“It didn’t really occur to me that I could write fiction until my late 20s. And somebody just said, ‘well, you read all the time, why don’t you try writing?’ It was a shock,” novelist and Upper School English Teacher Ginger Moran said.
Moran has loved literature ever since she was a child growing up in Charlottesville, Virginia, where her mother would read her Hans Christian Andersen fairy tales that were “dark and wonderful.”
Moran, who speaks about reading passionately, “didn’t know what [her mother] was thinking” when she read her those stories. Nevertheless, she fell in love with reading. Throughout her life, she has “found so much inspiration and consolation in literature.”
Although Moran was born in Charlottesville, she has lived in many places throughout her life. She went to school in Houston, and her kids were born in Mobile, Alabama. She also lived in Nashville and Switzerland. Her favorite place to live was the Gulf Coast because of its “very unusual culture” and “real French flavor.”
Moran taught creative writing classes at a number of universities. As a novelist, she sought to help people embark on the writing journey. From there, her career evolved to working as a book mentor, advising aspiring authors as they wrote their books. She said book mentorship was “like being a midwife” because, through the process of helping people envision their books, she helped them “really get clear about it” and “birth this beautiful thing.”
Moran first came to Sidwell during the 2022-2023 school year. After the teacher in Moran’s current position took a leave of absence, Moran substituted for what she expected would be a few weeks but what soon turned into a year. Moran was then hired by Sidwell; she taught two English 10 sections during the 2023-2024 school year and, after a hiatus, returned to teaching English 10 part-time this year.
Moran said she “fell into” her work at Sidwell and “love[s] being here.” She also thinks that Sidwell has a “really nice community.” As Moran was raised Quaker — her father was a conscientious objector during World War II — she found it “very easy to jump into this culture” and feel a sense of community at Sidwell.
Moran has written three novels and is working on her fourth. There are also “at least two more books in [her] head.” Her novel in progress, an environmental thriller titled “How Death Comes Between Us,” follows an environmentalist graphic designer hired by an oil company whose work contradicts her values.

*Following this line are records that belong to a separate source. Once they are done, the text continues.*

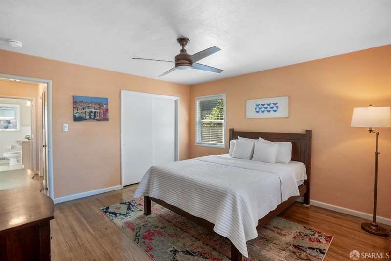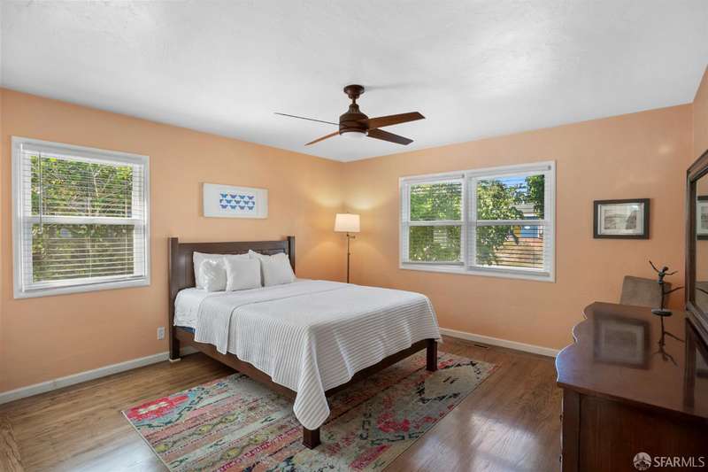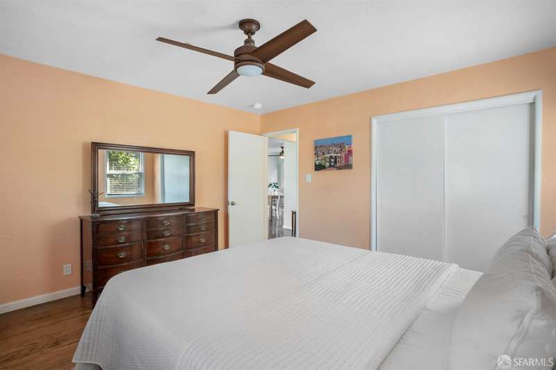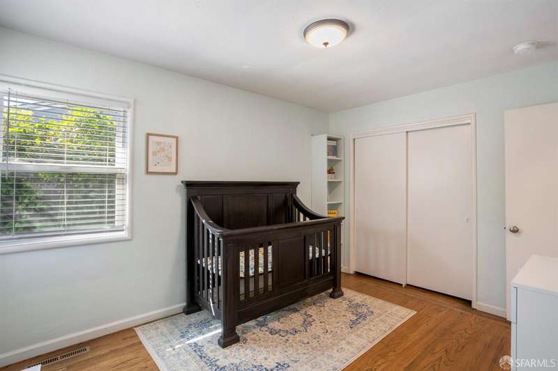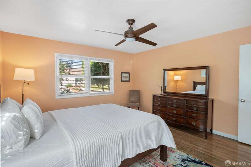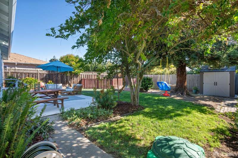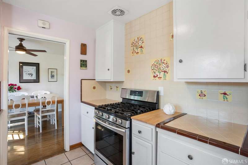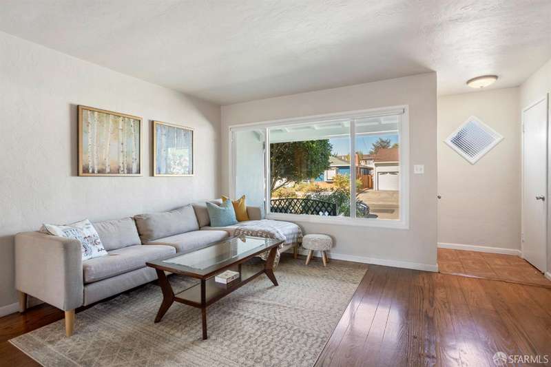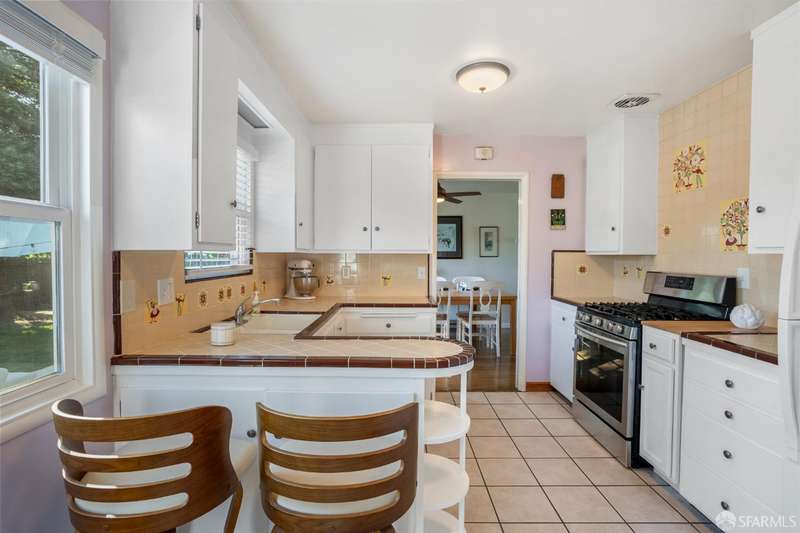 This inviting 1954 ranch home offers the perfect blend of period charm and thoughtful modern updates. Step inside to a bright, functional layout with hardwood floors, a classicfireplace, and a sun-filled kitchen with cheerful breakfast nook. The dining room opens directly to a backyard oasis featuring lush green grass, wisteria, roses, hydrangeas, and other mature plantings, with a beautiful redwoodtree providing shade an idyllic setting for gardening, entertaining friends, or simply unwinding outdoors. Recent upgrades add comfort and peace of mind, including a brand-new HVAC system with high-efficiency furnace and central AC, a 200-amp electrical panel, EV charger, seismic anchor bolts, and fresh exterior paint. The home's location is equally appealing: just a short stroll to Philz and other coffee shops, local markets, and neighborhood restaurants, and near award-winning schools. With easy access to 580, 880, and BART, commuting to San Francisco, Palo Alto, or San Jose is simple and convenient. This truly move-in-ready home offers classic style, modern convenience, and a welcoming indoor-outdoor lifestyle in one of Castro Valley's most peaceful settings.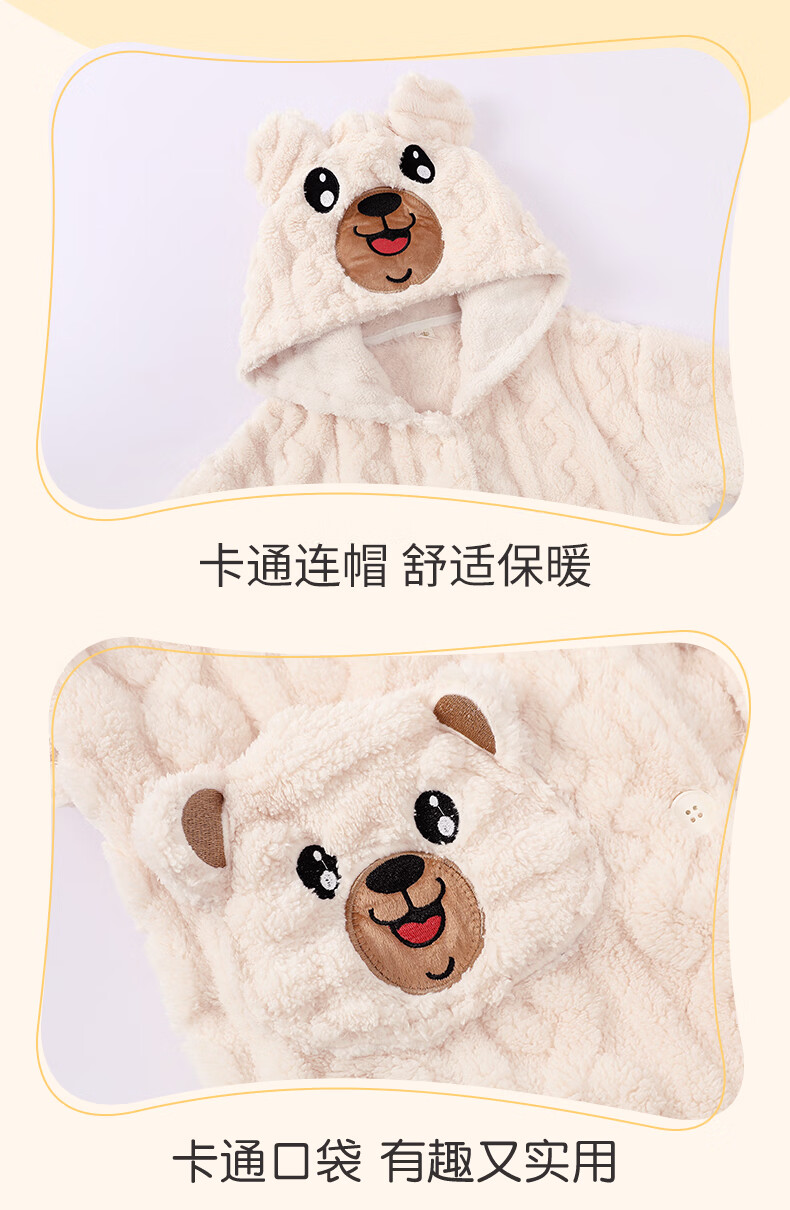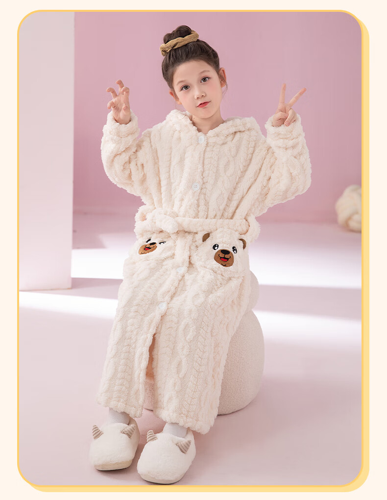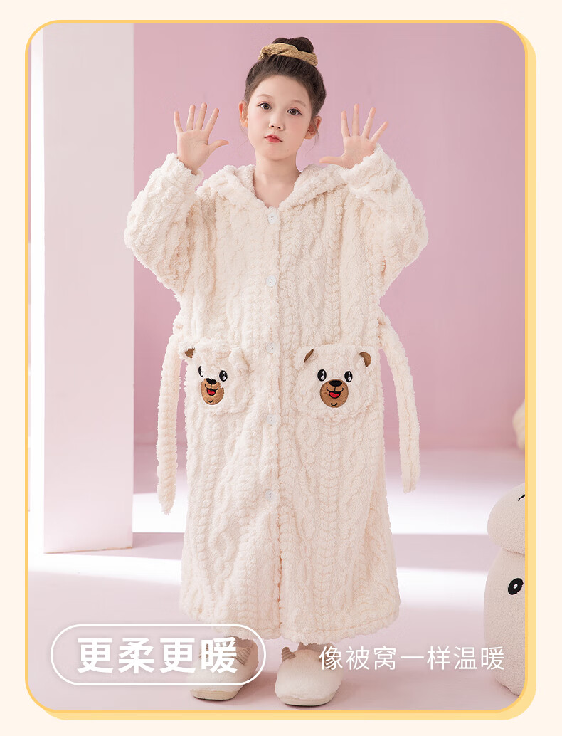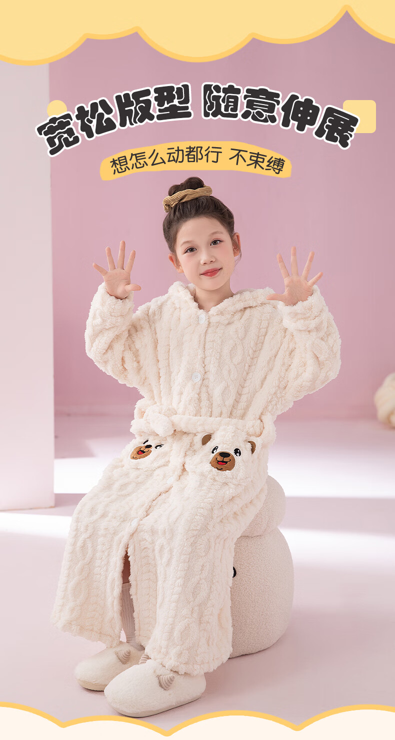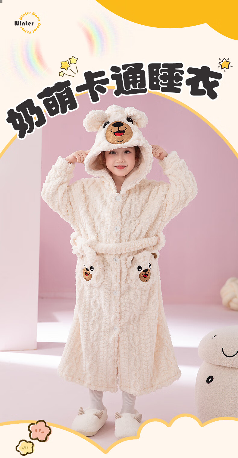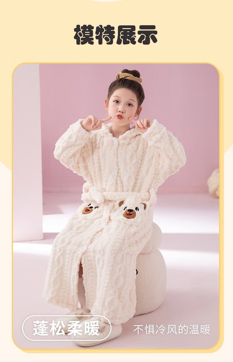 猫人(MiiOW)睡袍儿童秋冬季珊瑚绒浴后加厚男童浴袍小童中大童睡衣家居服 红色(睡袍+裤子) 110 建议身高 101-105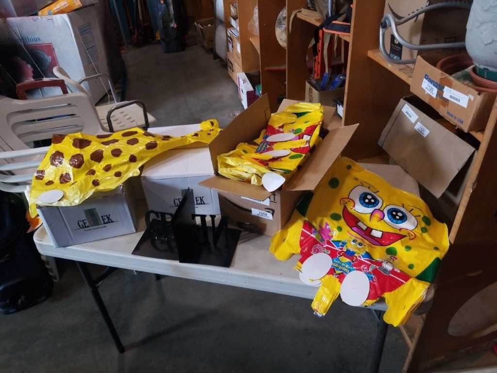 BOX OF BALOONS, SPONGEBOB, RACECAR, ETC AND BOOKENDS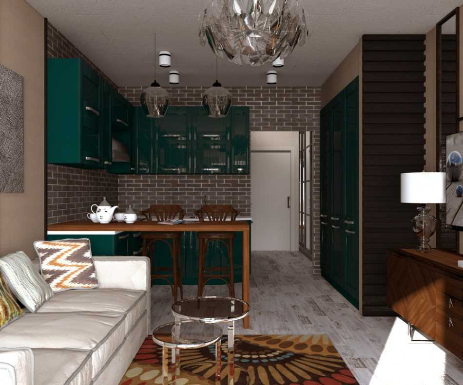 На фото дизайн совмещенной кухни-гостиной в интерьере евродвушки 36 кв. м.

When asked about her struggles with writing, Moran, who has published three novels, paraphrased the saying, “There is nothing to writing. All you do is sit down at a typewriter and bleed.” Moran believes that the process of writing is both “hard and deeply rewarding.” She “love[s] a long sentence, a long, complicated sentence. So I just am, I think, naturally a novelist.” Moran said that it takes her “forever” to write a novel. She writes two pages a day, which “accumulates if you’re consistent.”
Offering advice to young writers, Moran said, “don’t let anything stand in your way” or “let the critic come in.” Referencing the Geoffrey Chaucer quotation, “the lyf so short, the craft so long to lerne,” she noted the importance of not being a perfectionist. Finally, she recommended that writers just “get up and write your pages…just for the joy of it.”
“It’s really a lifetime of learning the craft,” Moran said of the challenge writers face. “And it’s never perfect. There’s always a better version of it. So just go ahead and get started.”